What I Tell Every CTO Before They Touch Claude Code or the Anthropic API

6 min read

Based on AI News & Strategy Daily | Nate B Jones's video on YouTube. If you like this content, support the original creators by watching, liking and subscribing to their content.

TL;DR

Define correctness as a measurable target before making architectural choices like RAG, agent counts, orchestration, or context design.

Briefing

The central lesson for CTOs and anyone building with Claude Code or the Anthropic API is blunt: AI systems only become reliable when “correctness” is defined precisely enough to measure—and that definition must be baked into architecture, not left vague for later. Without a clear quality target, teams end up chasing an unnamed, shifting goalpost; downstream choices like retrieval-augmented generation, agent design, orchestration, context engineering, and model selection become elaborate ways of building on top of uncertainty.

Correctness in AI rarely behaves like a simple pass/fail test. Instead, it’s a bundle of competing requirements—truthfulness, completeness, tone, policy compliance, refusal behavior, speed and cost tradeoffs, and in enterprise settings, auditability. The hard part is deciding what kinds of uncertainty are acceptable and which inaccuracies are fatal. That decision has to stay useful across both unstructured and structured data, especially when systems combine retrieved text with structured records for compliance workflows or board decks. “Close enough” can still be wrong by a single digit, and in trust-sensitive contexts that’s not a rounding error—it’s a credibility failure.

A recurring failure mode comes from how humans operate: definitions of “good” drift midstream. Product priorities change after OKRs are set; stakeholders quietly renegotiate what counts as correct; then the system gets blamed for unreliability. The same pattern shows up in agentic builds when teams discover correctness late, forcing repeated architecture changes and leaving engineers stuck in endless debates like whether answers must be confident and fast with no caveats, or slow but exact, or always include narrative context. The transcript frames this as a “correctness discovery” problem that multiplies complexity—especially when correctness depends on judgment calls, such as whether an agent should update a sales contact record based on gentic search signals or defer to the salesperson’s forecasting.

This precision problem also explains why hallucinations persist. If evaluation setups reward confident answers over honest uncertainty, models learn to guess rather than to say “I don’t know.” The issue isn’t framed as a purely model limitation; it’s a reward-and-definition mismatch between what humans actually want and what the system is incentivized to produce. Measurement distorts behavior as well: once a proxy metric becomes the target, systems optimize for the proxy instead of the intent.

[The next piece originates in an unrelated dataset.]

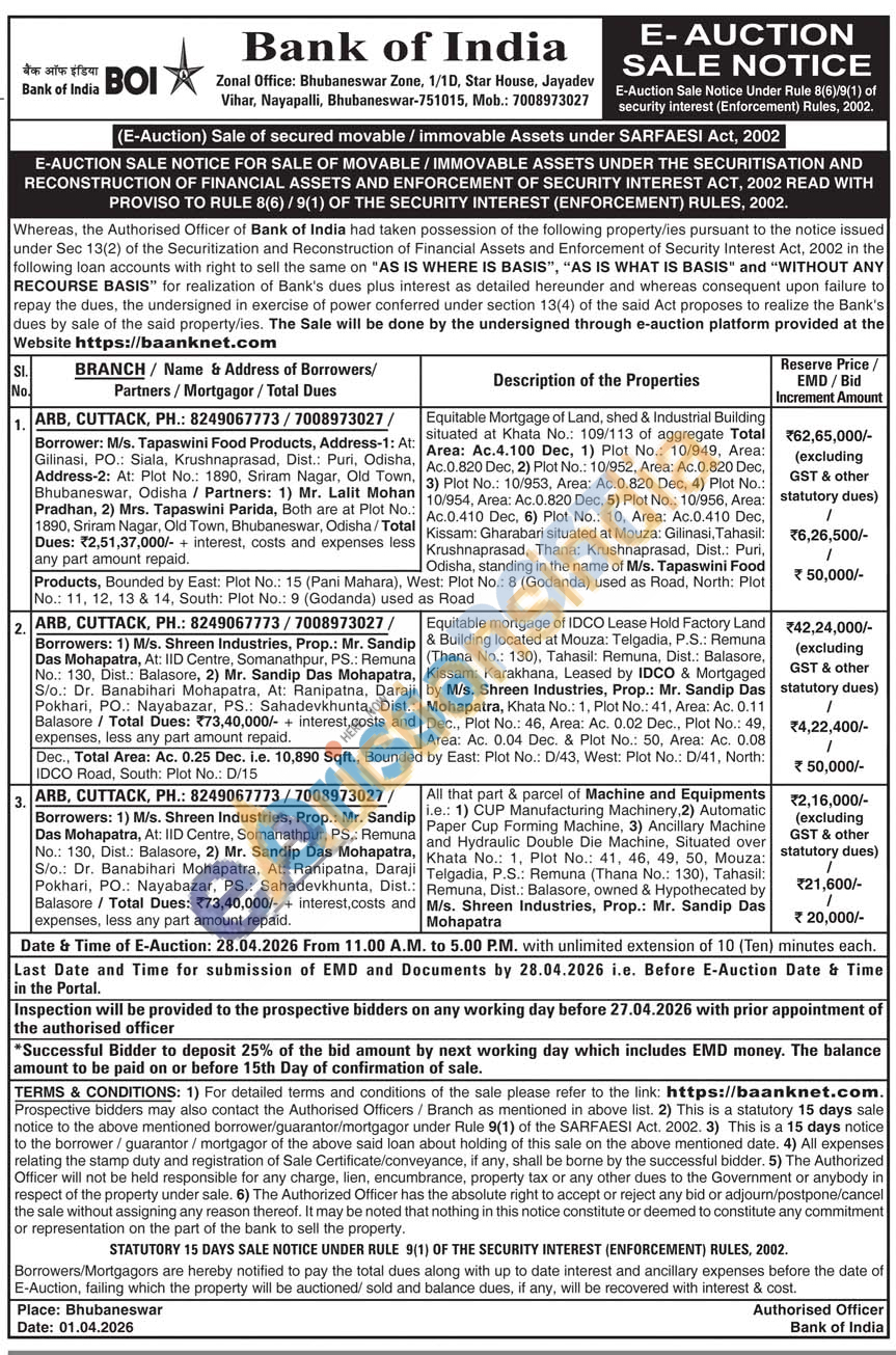 Equitable Mortgage of Land, shed & Industrial Building situated at Khata No.: 109/113 of aggregate Total Area: Ac.4.100 Dec, 1) Plot No.: 10/949, Area: Ac.0.820 Dec, 2) Plot No.: 10/952, Area: Ac.0.820 Dec, 3) Plot No.: 10/953, Area: Ad:0.820 Dec. 4) Plot No.: 10/954, Area: Ac.0.820 Dec, 5) Plot No.: 10/956, Area: Ac.0.410 Dec, 6) Plot No.: 10. Area: Ac.0.410 Dec, Kissam: Gharabari situated at Mouza: Gilinasi, Tahasil: Krushnaprasad, Thana: Krushnaprasad, Dist.: Puri, Odisha, standing in the name of M/s. Tapaswini Food

The transcript gives a concrete example of Gemini 3’s tendency toward stronger single-turn performance than multi-turn conversation, attributing it to how reinforcement learning rewards were structured and how training data reflects what gets rewarded.

The practical prescription is to build a culture of correctness that resists gaming. That means using multiple criteria, defining explicit failure modes, enabling calibrated uncertainty (including when the system should refuse), and tracking provenance so claims can be traced to sources. Good evaluations aren’t busywork; they force teams to articulate what correctness means and to test it at both unit and orchestration levels.

Finally, the transcript argues that organizations often fail because they never answered “what good looks like” in the first place—then they sell AI on top of dirty data and expect adoption. The closing framework reframes correctness as a set of claims the system is allowed to make, the evidence required for each claim, and the penalties for being wrong versus staying silent. Prompting becomes a workflow that imposes a quality bar; the better the prompt, the clearer the expected output and the clearer the quality target. The question left hanging is whether teams can actually name what “good” means before they ask an AI to deliver it.

Cornell Notes

Reliability in AI hinges on defining “correctness” precisely enough to measure. In probabilistic systems, correctness is not binary; it’s a set of requirements (truthfulness, completeness, policy compliance, refusal behavior, auditability, and more) plus rules for what uncertainty is acceptable. Teams often fail when stakeholders keep moving the goalposts, discovering correctness late and forcing repeated architectural changes. Measurement also distorts behavior: if evaluations reward confidence or a proxy metric, models learn to optimize for the wrong thing, producing hallucinations or other unwanted behaviors. The transcript’s prescription is to treat correctness as allowed claims with required evidence and explicit penalties for being wrong versus staying silent, then enforce it through prompts, evaluations, and architecture.

Why does “correctness” need to be defined before architecture decisions like RAG, agents, or orchestration?

Because those downstream choices become built on top of an unnamed, shifting target if “correct” isn’t defined. The transcript emphasizes that AI projects often fail not because the model is dumb, but because nobody can answer what correctness means in that context. If correctness can’t be named, it can’t be measured; if it can’t be measured, it can’t be improved. That makes retrieval strategies, agent design, context engineering, and model selection feel like elaborate fixes for a problem that was never specified.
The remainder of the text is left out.